Retrieve JUMP profiles

import polars as pl
import requests

The JUMP Cell Painting project provides several processed datasets for morphological profiling. Choose the dataset that matches your perturbation type:

crispr: CRISPR knockout genetic perturbations
orf: Open Reading Frame (ORF) overexpression perturbations
compound: Chemical compound perturbations
all: Combined dataset containing all perturbation types (use for cross-modality comparisons)

Each dataset is available in two processing versions:

Standard (e.g., crispr, compound, orf): Fully processed including batch correction steps. Recommended for most analyses as they provide better cross-dataset comparability.
Interpretable (e.g., crispr_interpretable, compound_interpretable, orf_interpretable): Same initial processing but without batch correction transformations that modify the original feature space. Use these when you need to interpret individual morphological features.
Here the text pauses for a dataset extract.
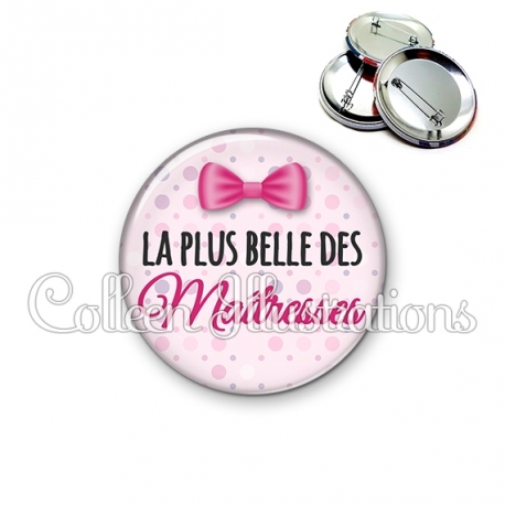 Image imprimée en haute résolution sur papier de qualité, protégée d'un film plastique, et sertie sur une coque et épingle métallique.

All datasets are stored as Parquet files on AWS S3 and can be accessed directly via their URLs.

The index file below contains the recommended profiles for each subset. Each profile includes: - Direct links to the processing recipe and configuration used - ETags for data integrity verification

For details on creating your own profile manifests, see the manifest guide.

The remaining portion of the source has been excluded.